I hope you're not suggesting that I jumped on any T20 bandwagon :-O

Yeah, always quite liked the format domestically, and generally internationally as well.

TBH Richard, and anyone, I can understand why you don't wish to watch. However, for me, and it's a similar line of thought to yours in the WC, the more Cricket on my TV the better, and a bit of variation can help avoid saturation :)
 

Richard

Cricket Web Staff Member
I hope you're not suggesting that I jumped on any T20 bandwagon :-O
Nah. I basically only say that to counter-patronise the stupid idiots who say that those who dislike Twenty20 are just people who don't have a clue what they're on about and reinforce each others' misformed ideas.
 

SJS

Hall of Fame Member
the more Cricket on my TV the better, and a bit of variation can help avoid saturation :)
I quite like that attitude. I too watch T20 (not all matches though) for the same reasons. My problem is not that T20 is boring (though my sig said that) but because I am seriously worried that cricket, which is suffering from lowering of standards in some areas will suffer further.

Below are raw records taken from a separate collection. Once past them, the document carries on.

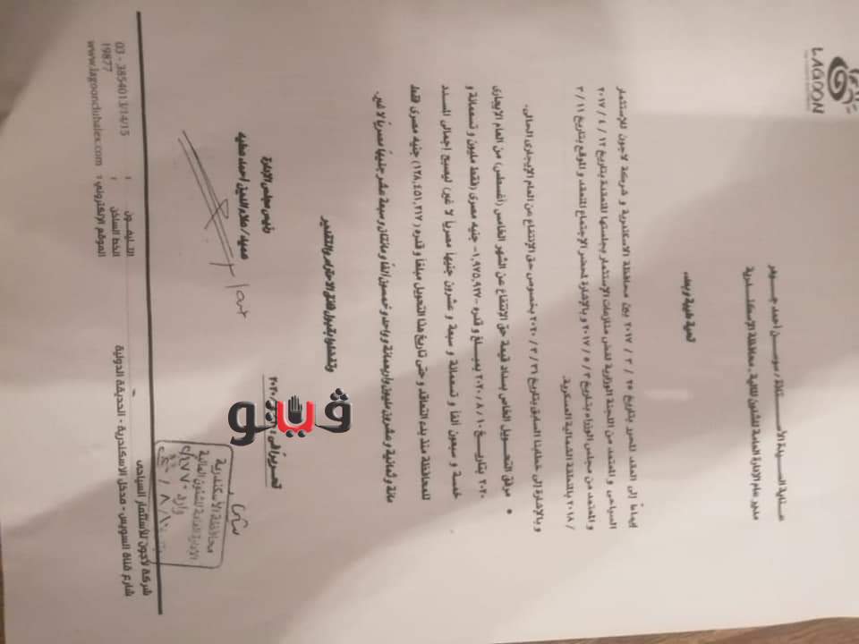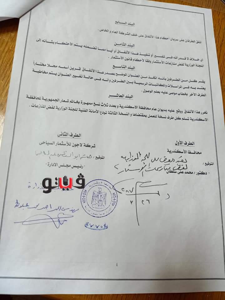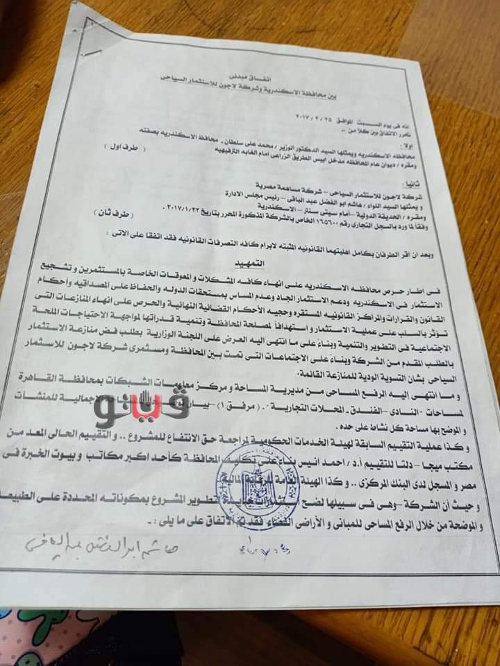 واشار الى انه في ١١/٣/٢٠١٨ تم عقد اجتماع موسع بالمنطقة الشمالية العسكرية لبحث الاتفاق ومواقفه كافة الأطراف بما لا يتعارض مع مشروع منطقة الدوان التاون وتطوير منطقة الحديقة الدولية والموافقة علي الاتفاق مع محافظة الإسكندرية ، وتم توقيع محضر بتلك الجلسه وانتهت الأزمة، وتم تسليم المبالغ المتفق عليها طبقا للجدولة التي تمت خلال التسوية كان آخرها شيك بتوريد مبلغ مليون و٩٧٥ الف ٩٢٧ جنيها عن الشهر الجاري وتم وضعها في حساب المحافظة وتسلمنا خطاب من الشئون المالية بذلك.
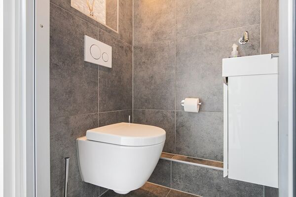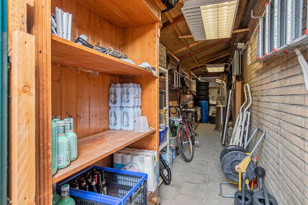 Begane grond: binnenkomst via de hal met meterkast (8 groepen), toilet met fonteintje, ruime voorraadkast, open trap naar 1ste verdieping, woonkamer op laminaatvloer met vloerverwarming, airco en openslaande deuren naar de tuin toe (zuid gelegen), moderne keuken op laminaatvloer met vloerverwarming, volledig uitgerust met luxe inbouwtoestellen (vaatwasser, grote oven met pyrolyse systeem, moderne afzuigkap, breed 5 pits gasfornuis met wokbrander), toegang tot achtertuin met 2 schuren. De tuin is ook te bereiken via een zijpoort.
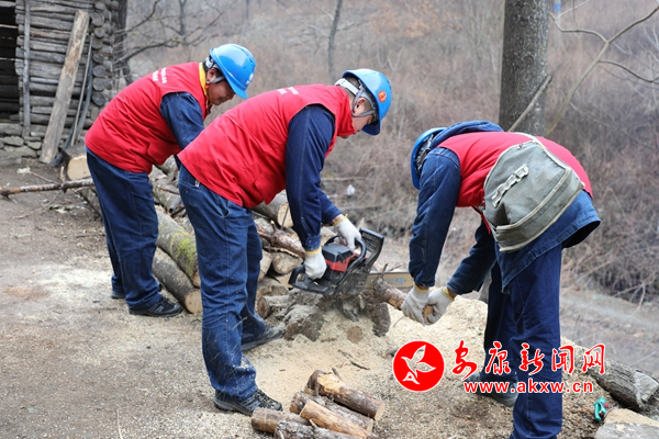 “是這個燈不亮嗎?除了這個燈之外,還有沒有其他的故障情況?”3月4日上午,廣貨街供電所工作人員一來到獨居老人史進來的家中,就對用電設備、線路的具體情況進行詢問、了解。前夕,寧陜公司廣貨街供電所對沙溝村用電客戶進行整體摸排檢查,針對群眾存在的用電問題,組織供電所工作人員進行集中走訪解決。工作人員從中了解到,史爺爺常年獨自居住,冬天基本靠砍柴生火取暖。在了解了這一情況后,工作人員立刻行動起來,對史爺爺家中用電設備、開關以及線路進行檢修、更換,并幫助史爺爺打掃房間。來到后院,映入眼簾的是一堆加工到一半的木柴,“史爺爺,這些柴我們幫您劈吧。”說罷,工作人員拿起地上的電鋸,齊心協力幫助史爺爺將剩下的木材劈好,并挪到遠離灶口的安全位置,以免發生火災。
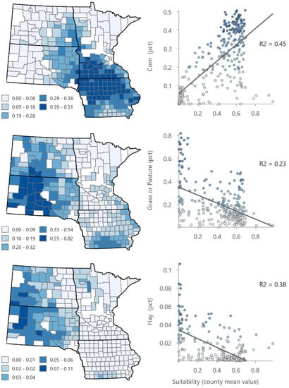 Distribution of corn (top), grassland + pasture (center), and hay (bottom), aggregated by county (left), and plotted against county mean suitability value (right). Values are given as a fraction, where total land cover = 1.0.
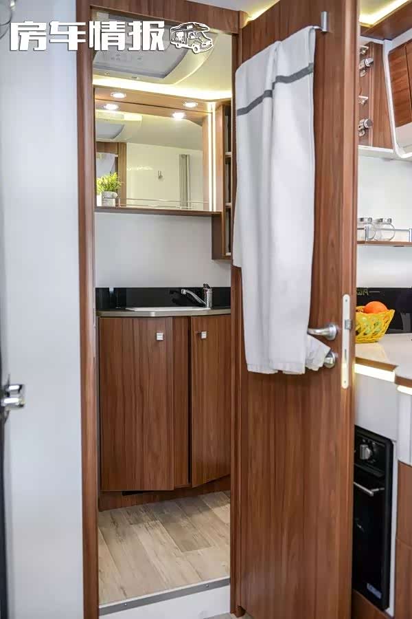 车尾封闭式空间内部实际上是干湿分离的卫生间,近期“房车情报”为大家介绍的国产房车也有采用这种布局形式的,相比较于常见的房车卫生间,这种使用起来更加便利,也更加贴近实际需求。
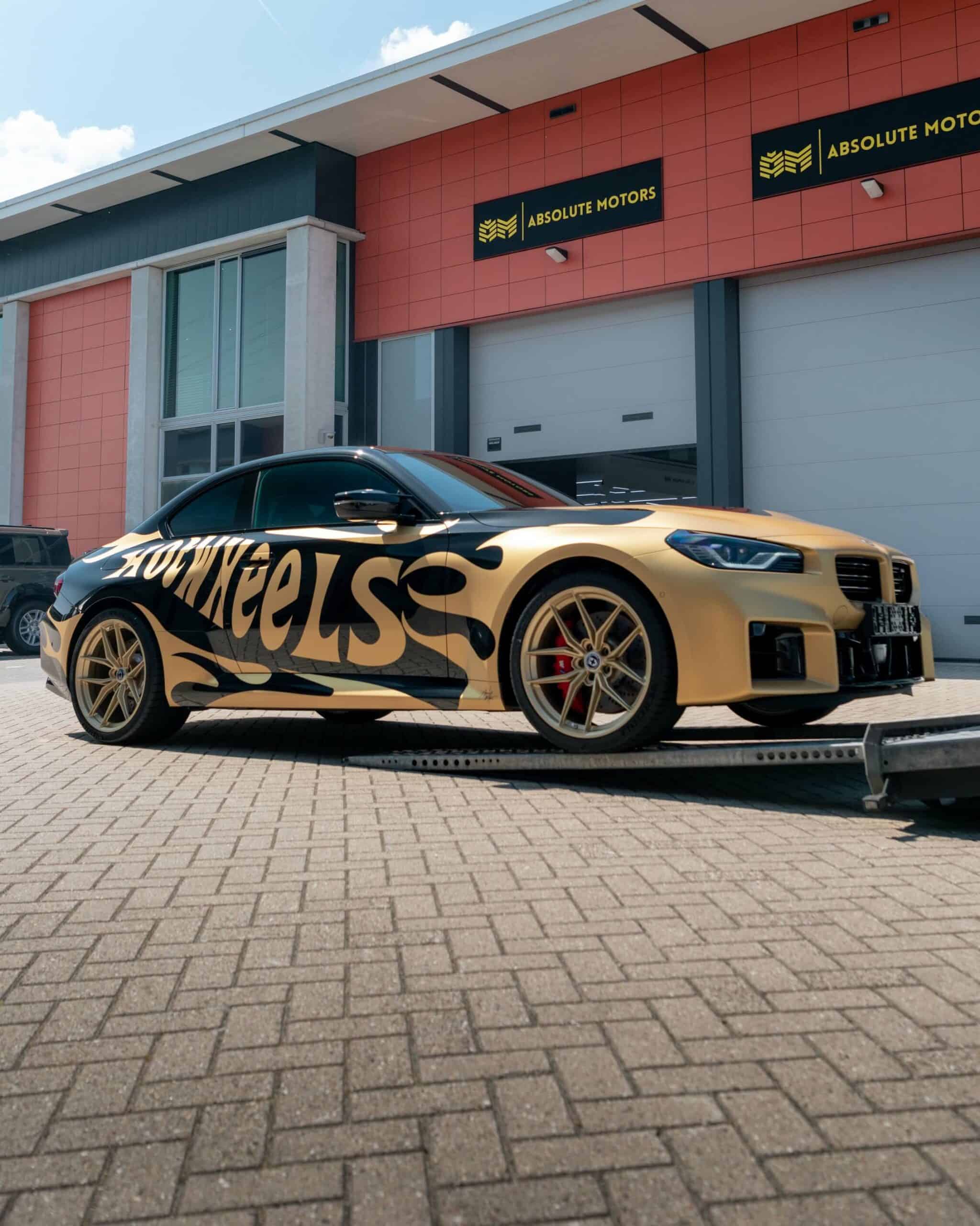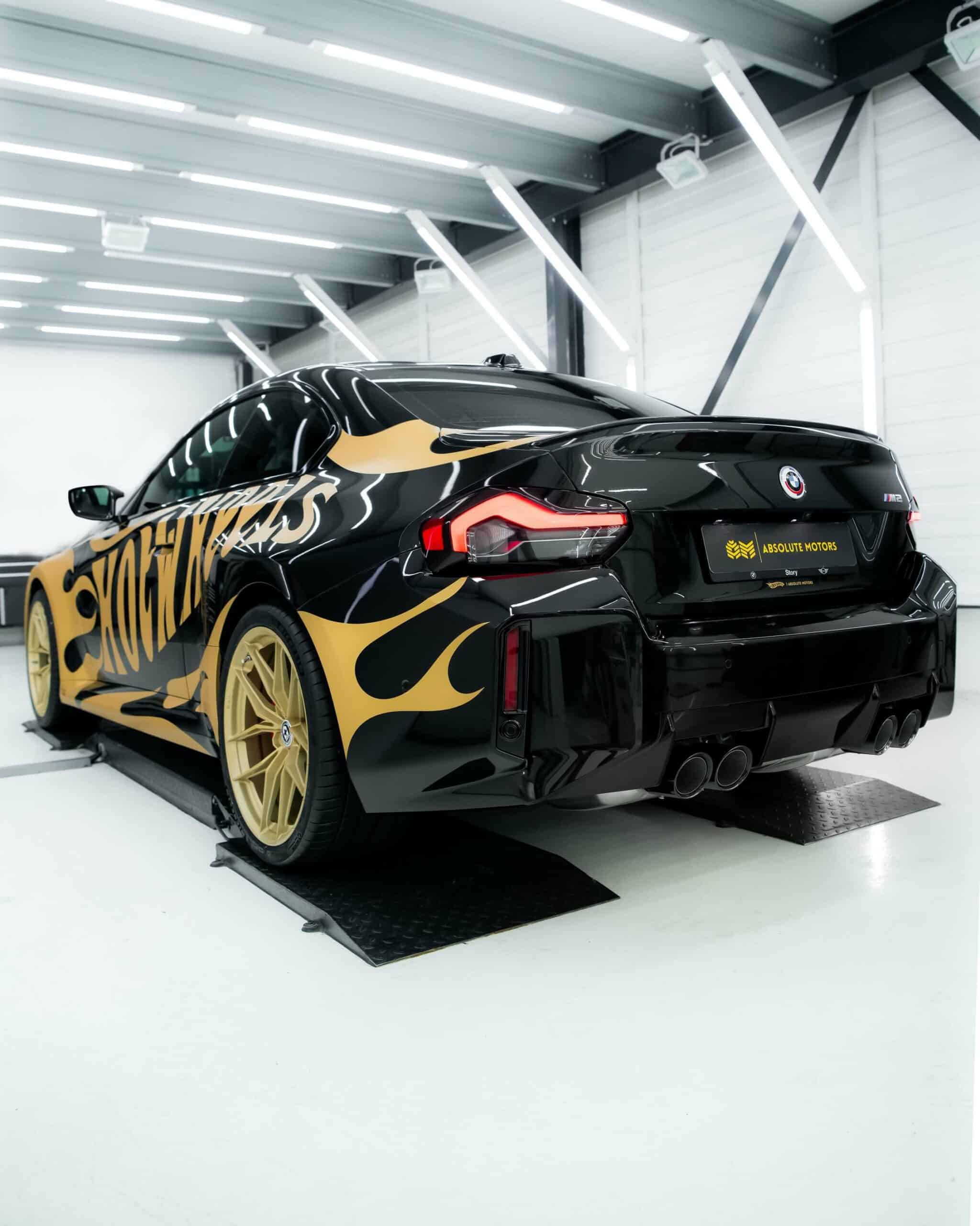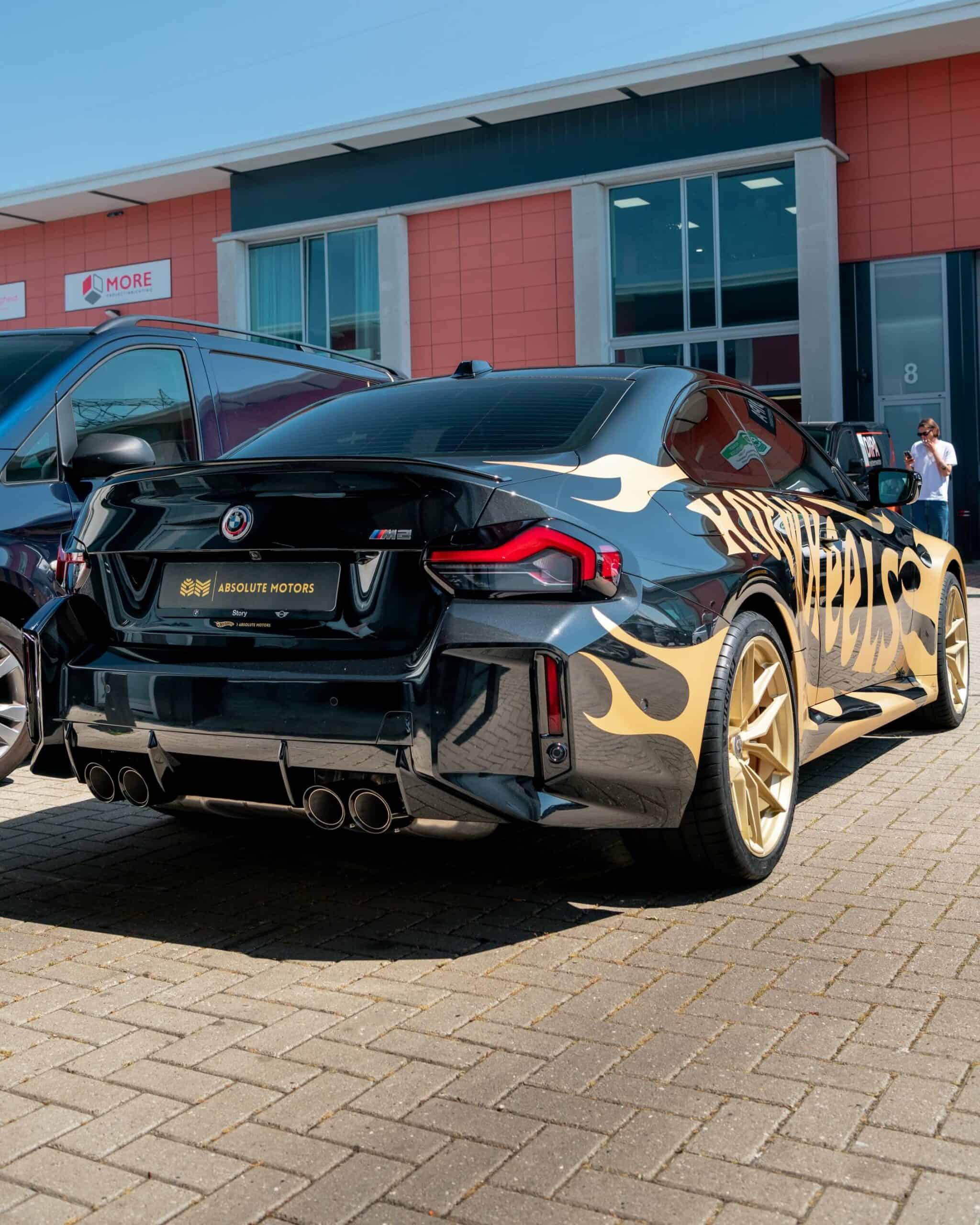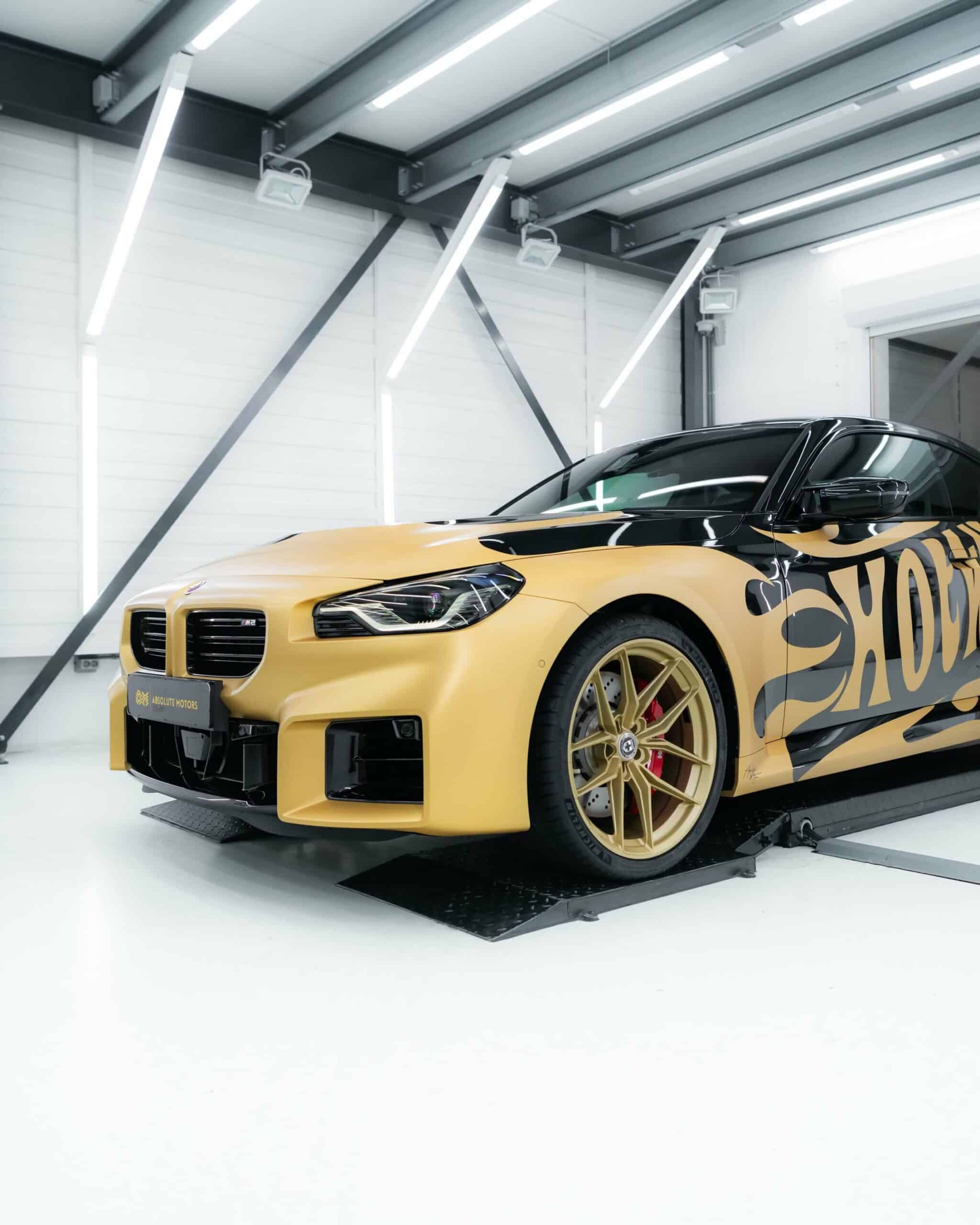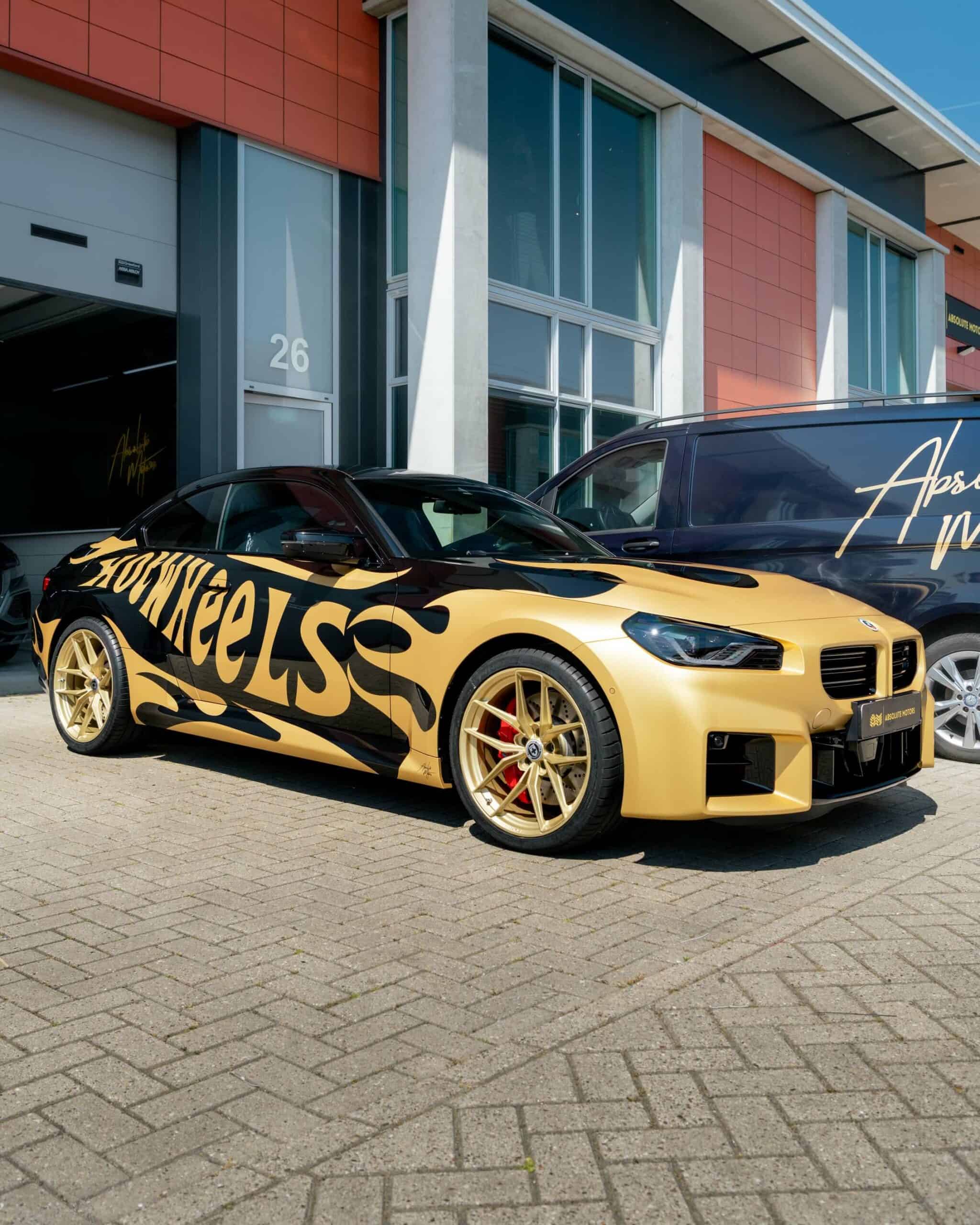 The BMW M2 G87 has officially landed in The Netherlands and one of the first cars has already been modified for the BimmerFest Europe event that took place last weekend at the Raceway Venray. Absolute Motors decided to show off the sports coupe in Sapphire Black with a partial wrap featuring a Hot Wheels livery in matte pyrite gold with matching wheels. Mind you, those are not OEM alloys as they’ve been replaced with a custom HRE FF21 set measuring 20 inches.

I liked watching some of the T20 games but would have missedthem if I had to go to see a really nice movie.

I wouldn't do it if India were playing Pakistan or Australia in an odi and I would take five days off from anything I had scheduled if itwas a test match.
 

vic_orthdox

Global Moderator
Richard said:
I think it already did - most people acknowledged the structures of 1975, 1979, 1983, 1992 and 2007 as top-class (and possibly 1987 too, I'm not sure).
Depends on whether you include the spacing of games as the structure (WRT 2007).
 

GIMH

Norwood's on Fire
That's fair enough. For me I guess I enjoy T20 and ODI about the same, but love love love a good Test match, alas I hardly saw any live Test action this summer because I didn't get Sky Sports until the end of the India series. The thing with my lifestyle at the moment though, is that I rarely get the time to watch a full day's play, but a T20 I can get away with.

In summary, I would rather watch a Test match than any other Cricket, but I get to watch limited overs Cricket more (proportionally) so in that way both of the shorter forms are good for me at the moment.
 

Richard

Cricket Web Staff Member
Depends on whether you include the spacing of games as the structure (WRT 2007).
As I said (think it was earlier this thread :unsure:) I don't have a problem with the one-game-a-day format. It's what works best for TV, and like it or not (and I don't mind terribly TBH) TV is what keeps cricket's coffers from being bare.

I think if you start the Tournament Proper at the Super Eight stage, it'd work very well.
 

Richard

Cricket Web Staff Member
The thing with my lifestyle at the moment though, is that I rarely get the time to watch a full day's play, but a T20 I can get away with.
That's actually pretty much true with me. I'm very fortunate in that I can take a long-wave radio to work and listen to TMS throughout a day, with no interruption. There's no part of my job that listening to a radio impedes upon.

I also take gym trips often enough, which sometimes means I miss highlights, but I can easily enough watch a different set as there are always two, sometimes three, screenings.